2024-02-06 10:53:13 -04:00
Joey Hess
8b6c7bdbcc
filter out control characters in all other Messages
This does, as a side effect, make long notes in json output not
be indented. The indentation is only needed to offset them
underneath the display of the file they apply to, so that's ok.

Sponsored-by: Brock Spratlen on Patreon
2023-04-11 12:58:01 -04:00
Joey Hess
3290a09a70
filter out control characters in warning messages
Converted warning and similar to use StringContainingQuotedPath. Most
warnings are static strings, some do refer to filepaths that need to be
quoted, and others don't need quoting.

Note that, since quote filters out control characters of even
UnquotedString, this makes all warnings safe, even when an attacker
sneaks in a control character in some other way.

When json is being output, no quoting is done, since json gets its own
quoting.

This does, as a side effect, make warning messages in json output not
be indented. The indentation is only needed to offset warning messages
underneath the display of the file they apply to, so that's ok.

Sponsored-by: Brett Eisenberg on Patreon
2023-04-10 15:55:44 -04:00
Yaroslav Halchenko
84b0a3707a
Apply codespell -w throughout 2023-03-17 15:14:58 -04:00
Joey Hess
54ad1b4cfb
Windows: Support long filenames in more (possibly all) of the code
Works around this bug in unix-compat:
https://github.com/jacobstanley/unix-compat/issues/56
getFileStatus and other FilePath using functions in unix-compat do not do
UNC conversion on Windows.

Made Utility.RawFilePath use convertToWindowsNativeNamespace to do the
necessary conversion on windows to support long filenames.

Audited all imports of System.PosixCompat.Files to make sure that no
functions that operate on FilePath were imported from it. Instead, use
the equvilants from Utility.RawFilePath. In particular the
re-export of that module in Common had to be removed, which led to lots
of other changes throughout the code.

The changes to Build.Configure, Build.DesktopFile, and Build.TestConfig
make Utility.Directory not be needed to build setup. And so let it use
Utility.RawFilePath, which depends on unix, which cannot be in
setup-depends.

Sponsored-by: Dartmouth College's Datalad project
2023-03-01 15:55:58 -04:00
Joey Hess
6fbd337e34
avoid uncessary keys db writes; doubled speed!
When running eg git-annex get, for each file it has to read from and
write to the keys database. But it's reading exclusively from one table,
and writing to a different table. So, it is not necessary to flush the
write to the database before reading. This avoids writing the database
once per file, instead it will buffer 1000 changes before writing.

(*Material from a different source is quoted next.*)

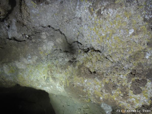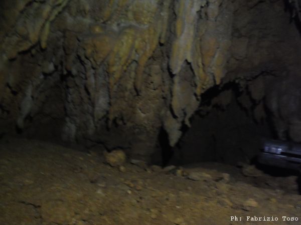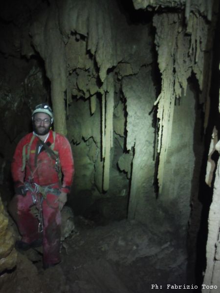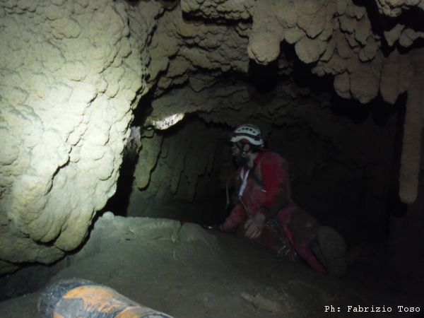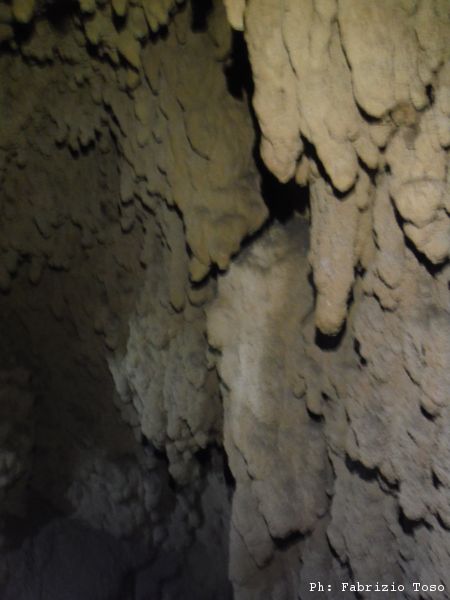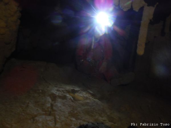 Appena sopra al pertugio “Matildeo” ci sono delle formazioni gialle. Gabriele mi intima di fotografarle ed io prontamente eseguo. Mentre lo faccio sento arrivare aria fredda dall’alto. Mi incuriosisce, cosa sara’? Mi arrampico seguendo l’aria. In effetti da questa parte la grotta prosegue ancora qualche metro. In fondo, in corrispondenza di un restringimento sento un’aria gelida venirmi addosso. E’ quasi sicuro che siamo vicino all’esterno. Dovremo tornare per vedere meglio.

Benchmarking getting 1000 small files from a local origin,
git-annex get now takes 13.62s, down from 22.41s!
git-annex drop now takes 9.07s, down from 18.63s!
Wowowowowowowow!

(It would perhaps have been better if there were separate databases for
the two tables. At least it would have avoided this complexity. Ah well,
this is better than splitting the table in a annex.version upgrade.)

Sponsored-by: Dartmouth College's Datalad project
2022-10-12 15:33:16 -04:00
Joey Hess
e05dd70544
handle upgrading repositories initialized with --version=9
As was attempted earlier in the buggy commit 0d2e3058ee

Avoided the bug that had by making the upgrade log be updated after each
upgrade step. So, after upgrade from v8 to v9, the log is updated, and
so Upgrade.V9's timeOfUpgrade check will find that it was upgraded
recently and so won't let it skip ahead to v10.

Sponsored-by: k0ld on Patreon
2022-09-26 12:59:51 -04:00
Joey Hess
d88f3c6ad8
Revert "handle upgrading repositories initialized with --version=9"
This reverts commit 0d2e3058ee.

This commit accidentially caused repos that were initialized at v8 to
also upgrade to v10. There is nothing in the upgrade.log for such a
repo..
2022-09-26 12:17:50 -04:00
Joey Hess
e60766543f
add annex.dbdir (WIP)
WIP: This is mostly complete, but there is a problem: createDirectoryUnder
throws an error when annex.dbdir is set to outside the git repo.

annex.dbdir is a workaround for filesystems where sqlite does not work,
due to eg, the filesystem not properly supporting locking.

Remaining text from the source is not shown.